Treatment of metastatic Stage IVB Cervical Cancer
Cervical cancer that has spread to distant organs and bones are difficult to treat. Historically, patients with metastatic cervical cancer was considered incurable and rarely survive more than one or two years. Some patients were offered treatment with chemotherapy for the purpose of extending the duration of their survival and reduce symptoms of progressive cancer. Another patient managed with efforts to reduce pain or bleeding, including local radiation therapy to the affected part of the body.
There is no good single chemotherapy approach may increase the length of survival in patients with metastatic cervical cancer. Unfortunately, this usually works to chemotherapy only a few months before cervical cancer started growing again. Most patients still succumb to the cancer and treatment strategies are better obviously needed.

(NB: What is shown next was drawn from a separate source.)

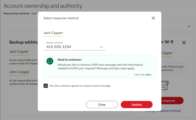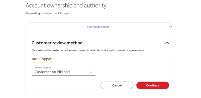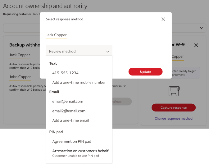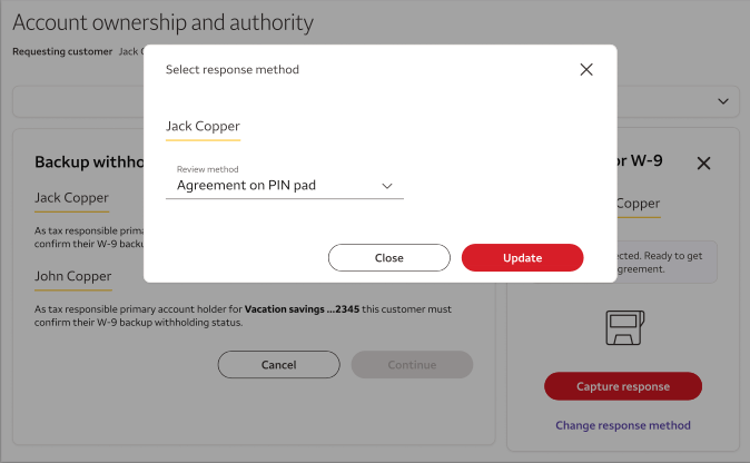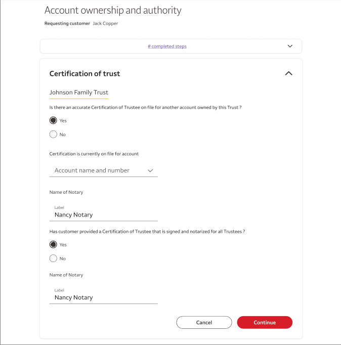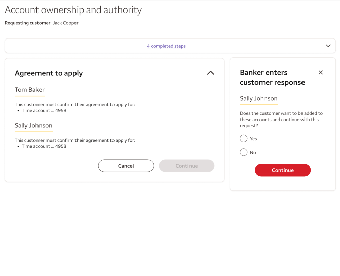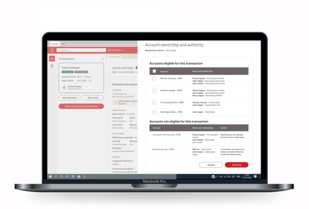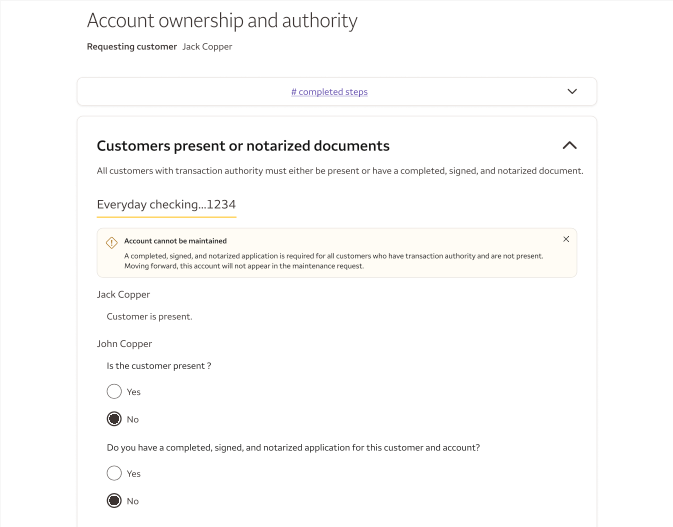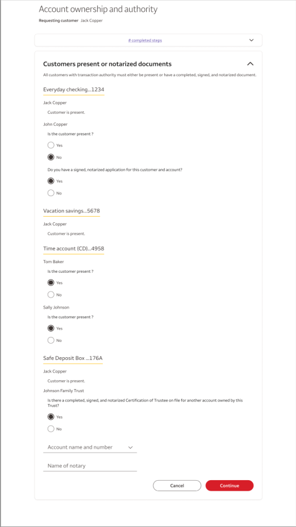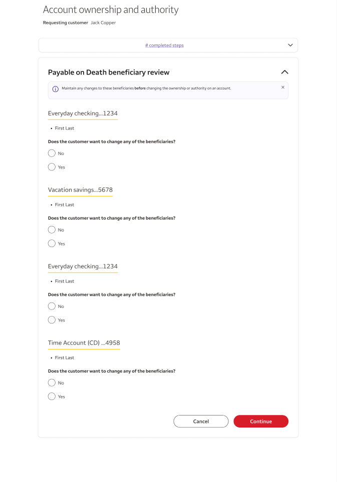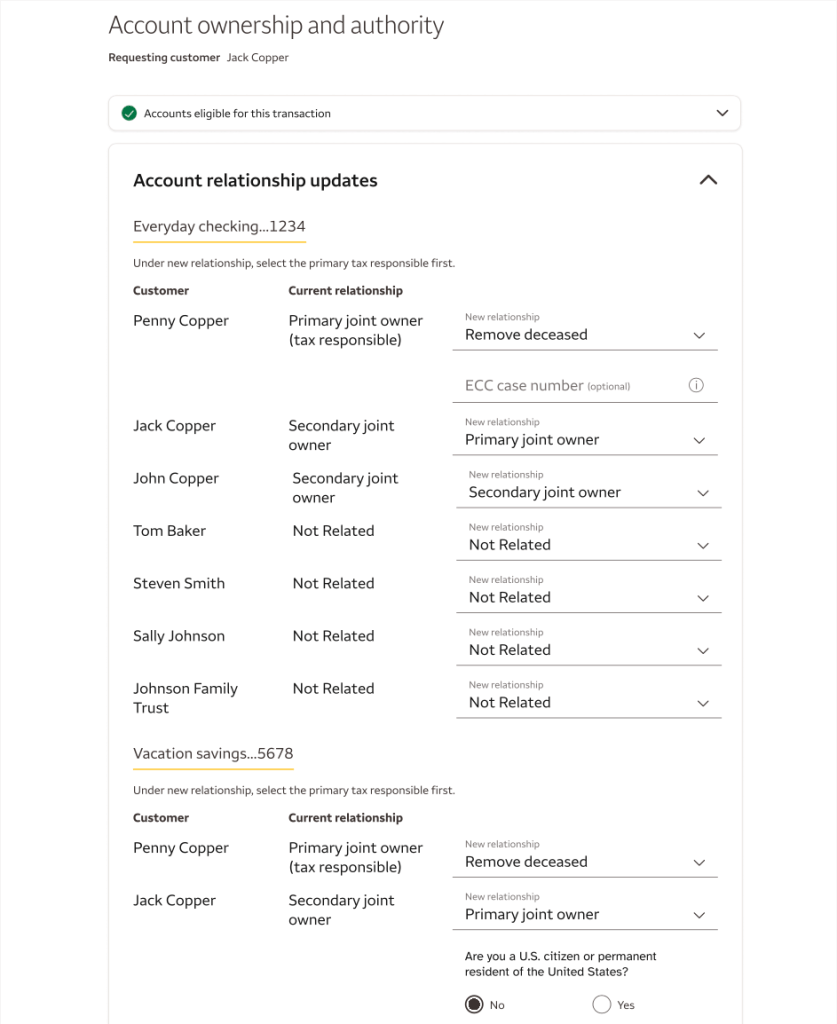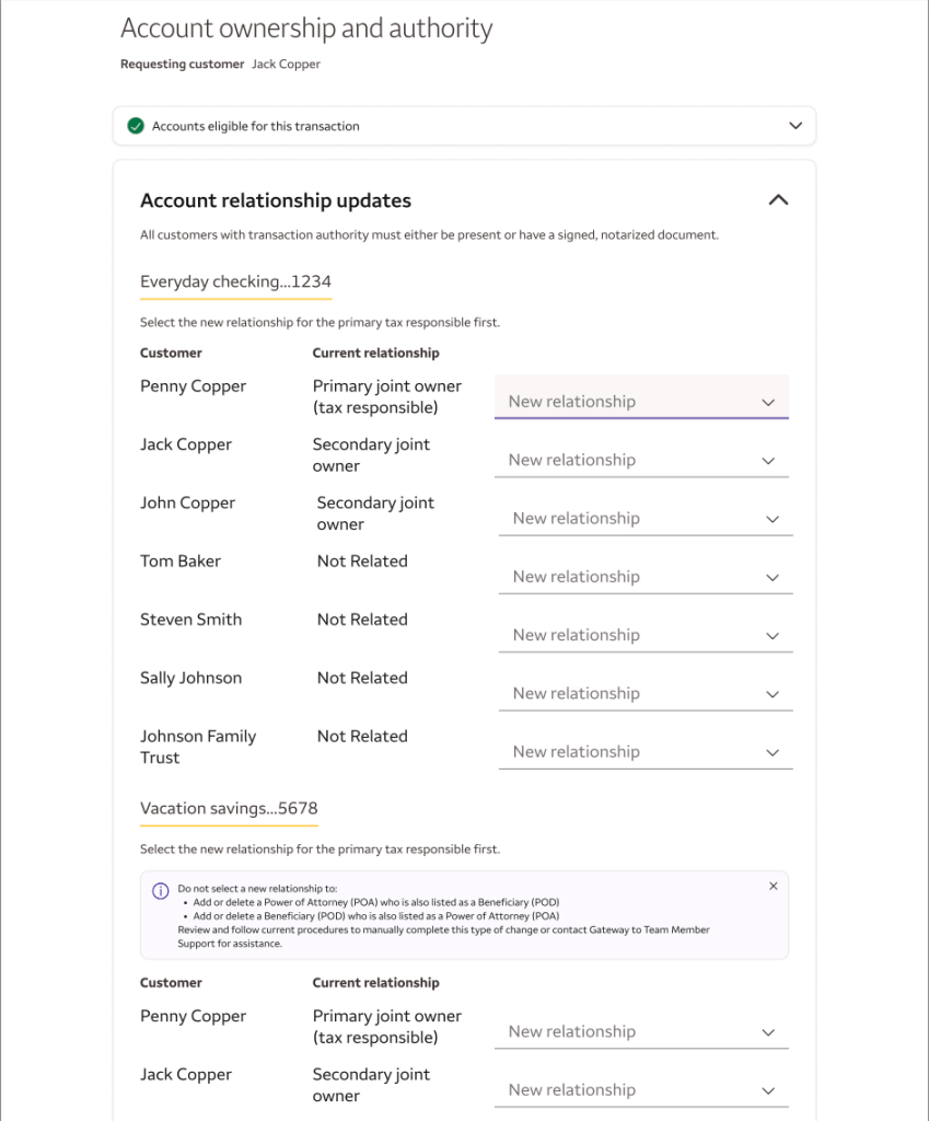 This banker task updates the customers’ relationship to their bank accounts. It’s a complex. Being the primary, tax-responsible account holder is different than being a beneficiary. Changing the interaction requires specific steps and consent. The new design makes it easier for bank employees to make relationship updates and follow required procedures.

Strategies to improve Treatment
The progress that has been achieved in the treatment of cervical cancer has been generated from the development of a better treatment in patients with more advanced stages of cancer and participation in clinical trials. While some progress has been made in the treatment of metastatic cervical cancer, the majority of patients still succumb to the cancer and treatment strategies are better obviously needed. Future progress in the treatment of cervical cancer will result from further participation in clinical trials. Currently, there are several active exploration areas aimed at improving the treatment of cervical cancer.
Supportive Care
Supportive care refers to care that is designed to prevent and control the side effects of cancer and its treatment. Side effects not only causes inconvenience to the patient, but can also prevent the delivery of optimal therapy at a dose and schedule planned. To achieve optimal results from the treatment and enhance the quality of life, it is very important that the side effects of cancer and its treatment appropriately managed. For more information, visit Care supporters.
Radiation Technique
External beam radiation therapy can be delivered more appropriate to the cervix using specialized CT scan and the target computer. This capability is known as three-dimensional Conformal radiation therapy, or 3D-CRT. The use of 3D-CRT appears to reduce the chance of injury to the body structure nearby, such as the bladder or rectum.
Biological therapy
Therapy biologik happened naturally or synthesized substances that directs, facilitates or enhances immune defences is normal. The goal of therapy is to have their own biological attacks the patient's immune defenses and destroy the cancer cells. Biological therapies include interferon, interleukin, monoclonal antibodies and vaccines. In an effort to improve the survival rate, and other agents being tested alone or in combination with chemotherapy in clinical trials.
Phase I Trials
New chemotherapy drugs continue to be developed and evaluated in patients with recurrent cancer in phase I clinical trials. The goal of this phase I trial is to evaluate new drugs to determine the safety and tolerability of the drug and the best way to give the drug to the patient.